Lucy enjoys cooking. She’s a hard-working career woman in a high-stress job, and she finds cooking relaxing. Planning, shopping, chopping, sauteing, roasting -- each step, each act, is so different from her workday life that it’s almost therapeutic. I, meanwhile, enjoy choosing the wines, trying to figure which ones will go best with each dish and which ones our guests are most likely to enjoy.

Together, we plan the guest list. Who’s interesting? Whom haven’t we seen in a while? Who’s a good match for whom? Who will like the particular dishes and wines we’ve chosen?

Until relatively recently, when I got lazy, I always kept track on our computer of the guests, dishes and wines we had at each dinner party, so we could avoid duplication.
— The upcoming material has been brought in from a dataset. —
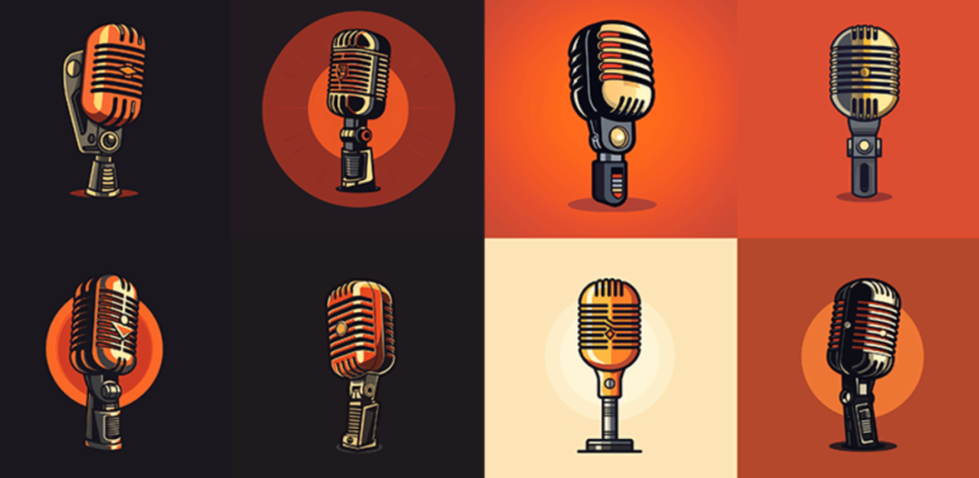 现在,我们来处理标题logo部分。以广播站为主题,我们可以生成一些麦克风的平面图片,并结合自己设计的字体,最后将它们合成为完整的标题logo。
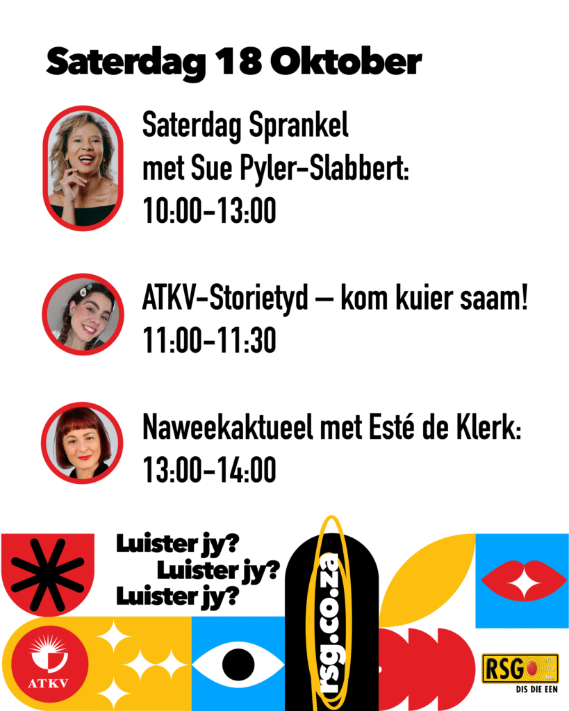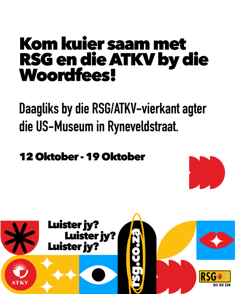 Die RSG/ATKV-vierkant is ’n hoogtepunt by die 2025 Toyota Stellenbosch Woordfees. Dis ’n gesellige kuierplek by die US Museum waar stories, musiek en mense saamkom. Van 13 tot 19 Oktober is dit elke oggend (11:00 tot 11:30) storietyd vir jong lesers met Lalla Lees, terwyl Jak de Priester daagliks optree en sy geselsprogram aanbied. RSG saai regstreeks vanaf die vierkant uit met gewilde programme soos Spektrum, Kommentaar en Saterdag Sprankel. Kom luister, kuier en ontmoet bekende RSG-stemme soos Martelize Brink, Johan Rademan en Suzanne Paxton.

I mean, God forbid that someone should have to eat the same scallop dish with the same Marcassin Chardonnay, seated next to the same person, as he did three years ago.

When we call to invite guests, we always ask, “Is there anything you don’t eat or drink, anything you are allergic to or have aesthetic, political, religious or any other kinds of objections to?”

We have friends who are vegetarian -- not many, thank the Lord -- and friends who keep kosher, and one friend who says he’s allergic to all California wine. But some guests are reluctant to tell you of any such restrictions, and others -- given the opportunity -- may change their mind about food or wine after they arrive and see what we’ve planned. That’s when it helps to be flexible.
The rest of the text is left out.